● Data records:
☆ ☆ ☆

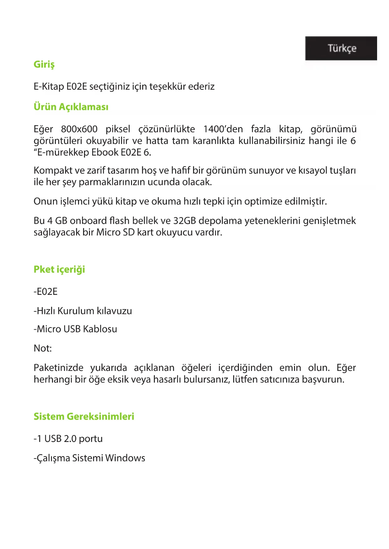 Z hlavnej ponuky vyberte položku Používateľská príručka a stlačte klávesu Enter. Návod na použitie eBook sa otvorí Technická podpora Pre viac informácií o tomto produkte nájdete v sekcii podpory na našich webových stránkach www.billowtechnology.com alebo poslať e-mail na Support@billowtechnology.comGiriş E-Kitap E02E seçtiğiniz için teşekkür ederiz Ürün Açıklaması Eğer 800x600 piksel çözünürlükte 1400’den fazla kitap, görünümü görüntüleri okuyabilir ve hatta tam karanlıkta kullanabilirsiniz hangi ile 6 “E-mürekkep Ebook E02E 6. Kompakt ve zarif tasarım hoş ve haf bir görünüm sunuyor ve kısayol tuşları ile her şey parmaklarınızın ucunda olacak. Onun işlemci yükü kitap ve okuma hızlı tepki için optimize edilmiştir. Bu 4 GB onboard ash bellek ve 32GB depolama yeteneklerini genişletmek sağlayacak bir Micro SD kart okuyucu vardır. Pket içeriği -E02E -Hızlı Kurulum kılavuzu -Micro USB Kablosu Not: Paketinizde yukarıda açıklanan öğeleri içerdiğinden emin olun. Eğer herhangi bir öğe eksik veya hasarlı bulursanız, lütfen satıcınıza başvurun. Sistem Gereksinimleri -1 USB 2.0 portu -Çalışma Sistemi WindowsParça açıklama
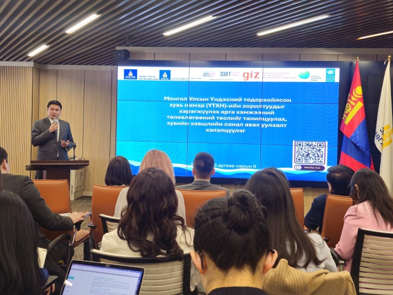 Эдийн засаг, хөгжлийн яамны Хөрөнгө оруулагчдын эрх ашгийг хамгаалах төвд “Монгол Улсын Үндэсний тодорхойлсон хувь нэмэр (ҮТХН 3.0)-ийн зорилтыг хэрэгжүүлэх арга хэмжээний төлөвлөгөөний төслийг танилцуулах, хувийн хэвшлийн санал авах уулзалт, хэлэлцүүлэг” зохион байгуулагдлаа.
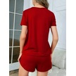 Reka Moda Kadın Kısa Kollu Bisiklet Yaka Baskılı Viskon Bluz Ve Şort Ikili Takım Kırmızı
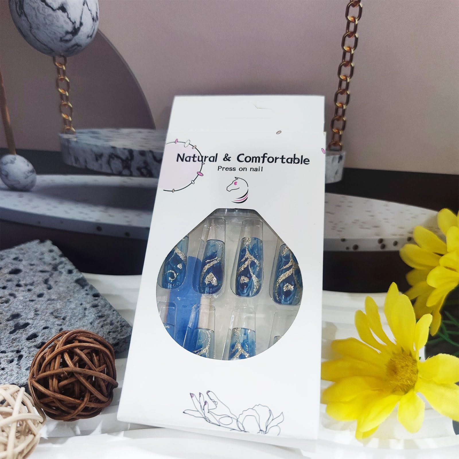 - Trendsetting Style at Your Fingertips: Elegant shades of popular and trendy colors medium press on nails will be suitable for daily, Elevate your unique personality with our blue gradient stick on nails for women
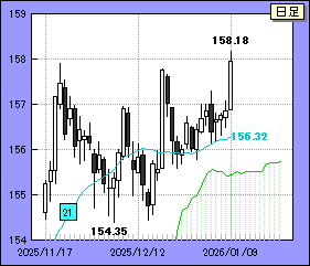 ドル・円は今朝の市場で一時、157.25付近まで上昇する場面があった。昨年末に抜けなかった157.00を越えて上げ幅を拡大しようかという動きだ。ただ、現時点ではもみ合い相場が依然、継続中と判断される。しかし、158.00レベルが突破されるとドル・円がもみ合い圏から上抜けしたと見てドル買い圧力が強まろう。この時の上値ターゲットは158.88。さらに、161.95も視野に入ってくる。
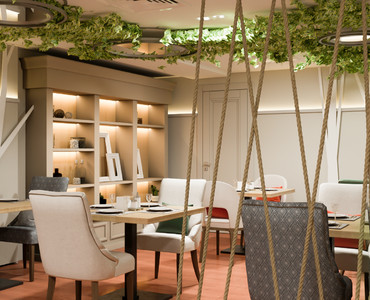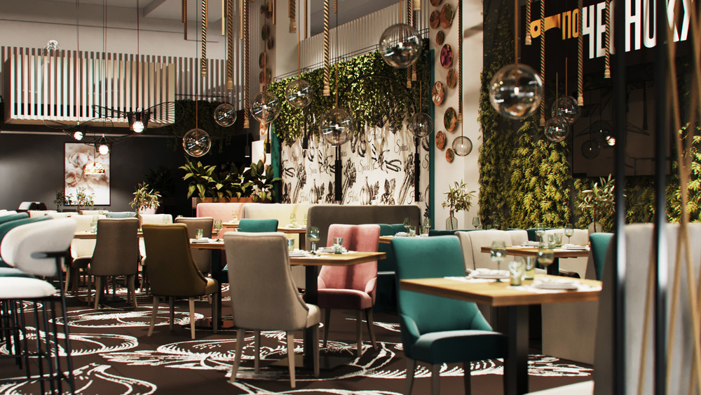 Объединяющими деталями стали фирменные паттерны на стенах и на полу и обилие зелени, авторских изделий керамической мастерской, натуральных текстур дерева, пеньки, стекла и металла.
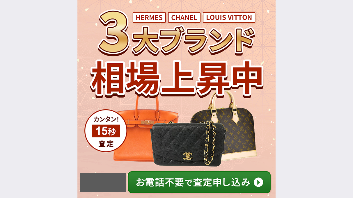 ブランドバッグの買取サービスを訴求するディスプレイ広告。 「3大ブランド相場上昇中」というコピーで今が売り時であることを端的に伝え、 具体的なブランド名と商品写真を組み合わせることで情報の信頼性を高めました。 さらに、「15秒査定」「電話不要」といった手軽さの訴求により申し込みへの心理的ハードルを下げています。
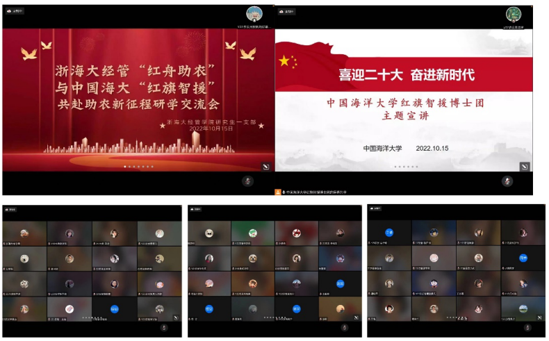 为了庆祝党的二十大胜利召开,更好地助力乡村振兴,进一步鼓励黄色网站 研究生将所学理论知识与具体助农实践相结合,更好地开展助农团相关工作。黄色网站 “红舟助农团”于2022年10月15日晚上通过腾讯会议与中国海洋大学“红旗智援博士团”开展共赴助农新征程线上研学交流会。

☆ ☆ ☆

● EXERCISE DIRECTIONS: An exact copy of the lines from the one with "Объединяющими деталями стали" through the end of the records: produce that and nothing more, leaving out the pictures.

● EXERCISE RESULT:
 Объединяющими деталями стали фирменные паттерны на стенах и на полу и обилие зелени, авторских изделий керамической мастерской, натуральных текстур дерева, пеньки, стекла и металла.
 ブランドバッグの買取サービスを訴求するディスプレイ広告。 「3大ブランド相場上昇中」というコピーで今が売り時であることを端的に伝え、 具体的なブランド名と商品写真を組み合わせることで情報の信頼性を高めました。 さらに、「15秒査定」「電話不要」といった手軽さの訴求により申し込みへの心理的ハードルを下げています。
 为了庆祝党的二十大胜利召开,更好地助力乡村振兴,进一步鼓励黄色网站 研究生将所学理论知识与具体助农实践相结合,更好地开展助农团相关工作。黄色网站 “红舟助农团”于2022年10月15日晚上通过腾讯会议与中国海洋大学“红旗智援博士团”开展共赴助农新征程线上研学交流会。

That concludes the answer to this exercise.